Un tribunal kényan a levé vendredi tout obstacle juridique à la candidature à la présidentielle du ticket formé par Uhuru Kenyatta et William Ruto, tous deux inculpés de crimes contre l'humanité par la Cour pénale internationale (CPI).

Un tribunal de Nairobi s'est déclaré «incompétent» pour juger de la requête déposée par plusieurs ONG et particuliers qui contestaient l'éligibilité de ces deux poids lourds de la politique kényane.

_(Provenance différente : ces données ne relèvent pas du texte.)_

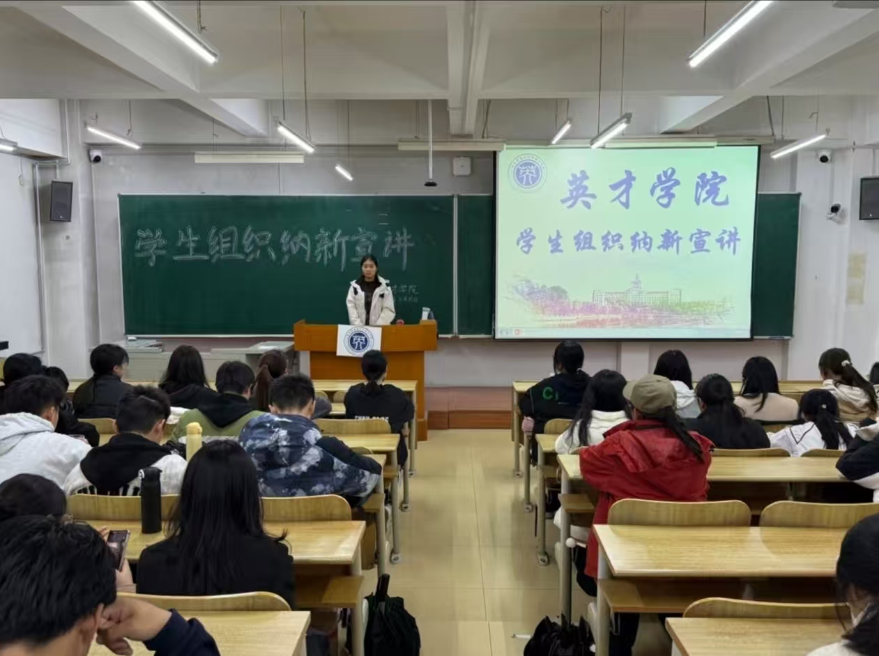 为推进英才学院学生组织纳新工作,充分调动同学们参与学院学生组织建设的积极性,为组织注入新鲜血液与创新活力。英才学院于2025年10月15日开展学生组织纳新宣讲会。英才学院各学生组织代表、2025级全体同学参加本次宣讲。
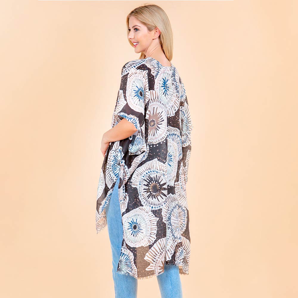 Details • Size : One Size • Material : 100% Polyester • Relaxed open front kimono wrap designed with an eye catching printed pattern and flowy silhouette. Easy to layer over tanks, tees, or dresses, it adds light coverage, movement, and a polished touch to everyday outfits, travel looks, or casual occasions.

«Il s'agit d'une question qui appartient au champ de compétence exclusive de la Cour suprême (...) Le tribunal est incompétent pour statuer sur une question relative à l'élection du président» de la République, ont expliqué les cinq juges du tribunal dans leur décision, lue lors d'une audience publique retransmise à la télévision.

Rassemblés devant le tribunal, une centaine de partisans de la coalition Jubilee de MM. Kenyatta et Ruto ont accueilli la nouvelle en scandant les noms de leurs champions - absents -, aux cris de «Élections maintenant!» et en dansant.

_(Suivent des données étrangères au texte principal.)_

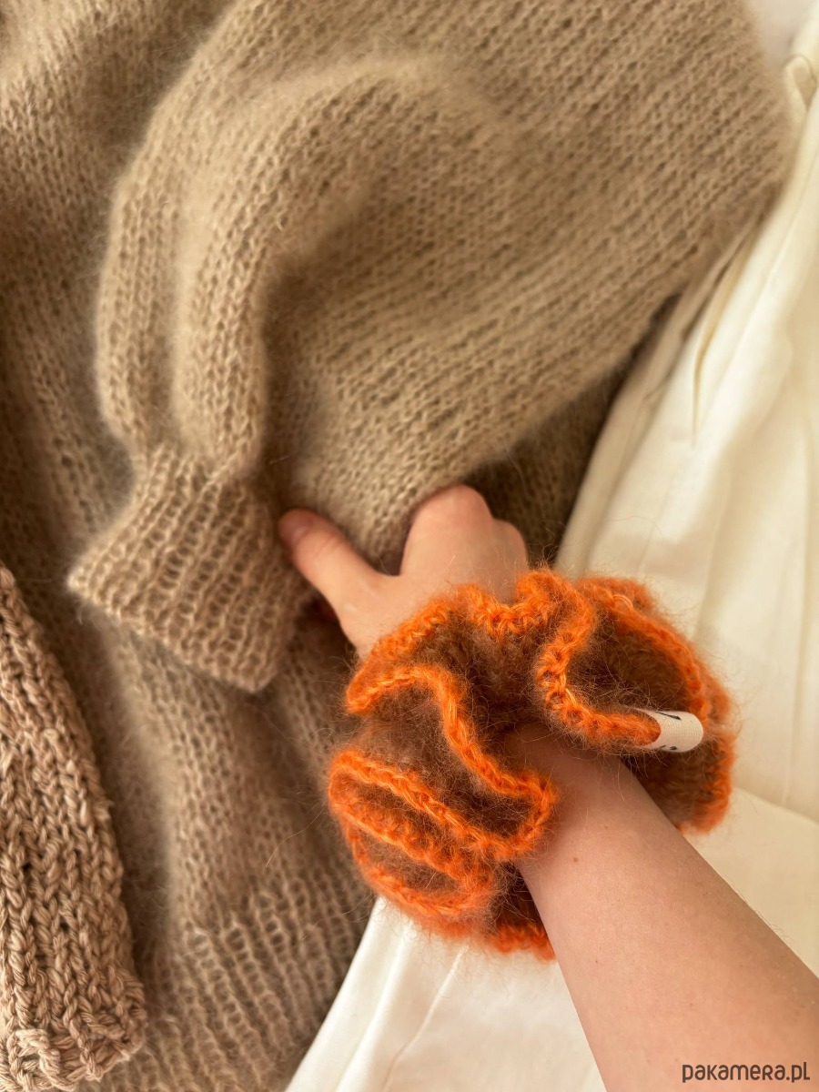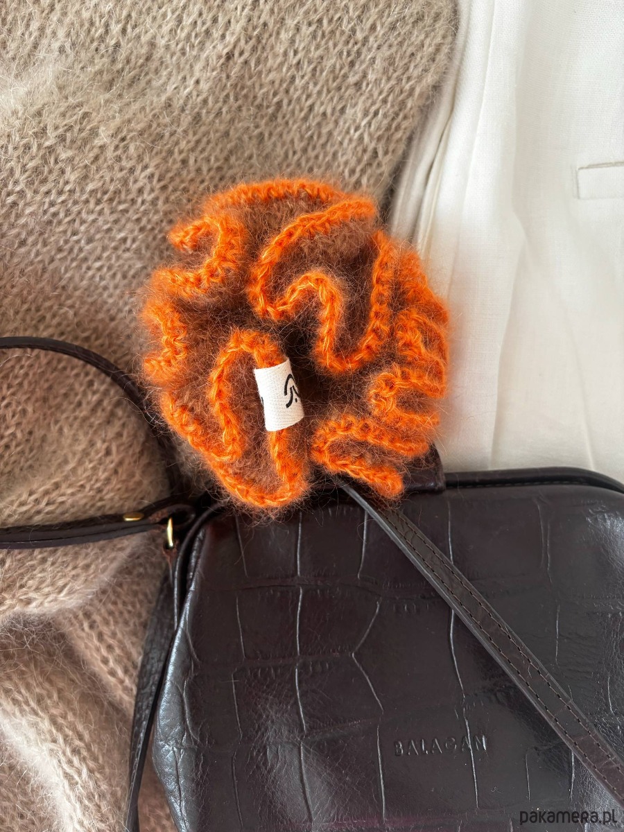 Moherowa gumka do włosów doskonale sprawdzi się jako dodatek do wiosennych stylizacji. Neonowy pomarańczowy akcent dodaje charakteru i nowoczesności, a naturalne włókna gwarantują komfort noszenia.

«Je salue le jugement du tribunal, il confirme ce que nous avons toujours soutenu : le peuple kényan, et lui seul, a le pouvoir et le mandat de choisir la direction de ce grand pays. Le Kenya est désormais majeur et son peuple ne peut jamais se tromper», a déclaré Uhuru Kenyatta dans un communiqué.

«La Cour (...) a dit clairement qu'ils (Kenyatta et Ruto) ne pouvaient être empêchés d'être candidats», s'est réjoui devant les journalistes rassemblées au tribunal Onyango Oloo, secrétaire général du Parti de l'Alliance nationale (TNA), la formation de M. Kenyatta.

Leempaa Suiyanka, un des porte-parole de la coalition informelle d'ONG ayant porté ce cas en justice, a indiqué à l'AFP qu'il n'était «pas encore décidé» si celles-ci allaient ou non poursuivre leur procédure devant la Cour suprême.

«Nous n'avons que deux semaines pour analyser le jugement et décider si nous portons l'affaire devant la Cour suprême. Nous sommes soumis à des contraintes de temps et d'argent», a-t-il commenté, alors que le premier tour du scrutin est prévu le 4 mars.

«C'est la mort officielle de la Constitution», a-t-il estimé à propos de la décision rendue vendredi. Un chapitre de la Constitution kényane adoptée en 2010 est consacré à «l'intégrité» des titulaires de responsabilités publiques.

Plusieurs associations de la société civile et des particuliers kényans avaient saisi la justice, estimant les candidatures de MM. Kenyatta et Ruto incompatibles avec ces dispositions de la Constitution sur l'intégrité, en raison de leur inculpation par la CPI.

Uhuru Kenyatta, actuel vice-premier ministre âgé de 51 ans, et l'ex-ministre William Ruto, 46 ans, sont inculpés par la CPI pour leur implication présumée dans les violences sur lesquelles avait débouché l'annonce des résultats de la précédente présidentielle de décembre 2007.

La contestation de la réélection annoncée du président Mwai Kibaki face à Raila Odinga, actuel premier ministre, avait dégénéré en massacres interethniques, faisant plus d'un millier de morts et plus de 600 000 déplacés.

M. Kenyatta soutenait à l'époque M. Kibaki - qui ne se représente pas - tandis que M. Ruto soutenait M. Odinga. Les deux hommes se sont alliés pour la présidentielle du 4 mars face à M. Odinga, qui figure comme eux parmi les favoris.

Raila Odinga a «salué» la décision du tribunal dans un communiqué : «j'ai toujours dit que mon adversaire devrait avoir l'occasion de m'affronter dans une élection libre et juste dont le résultat sera déterminé par le peuple du Kenya».

Dans leur décision, les magistrats ont également estimé que «tout citoyen a le droit de briguer un poste» et qu'un «accusé est présumé innocent jusqu'à ce qu'il soit déclaré coupable. Bien que les deux (défendeurs) soient inculpés, ils n'ont pas perdu leurs droits fondamentaux».

Le tribunal a également jugé que les demandeurs auraient dû contester les candidatures de MM. Kenyatta et Ruto devant la Commission électorale indépendante (IEBC), s'ils estimaient qu'ils ne remplissaient pas les conditions pour se présenter.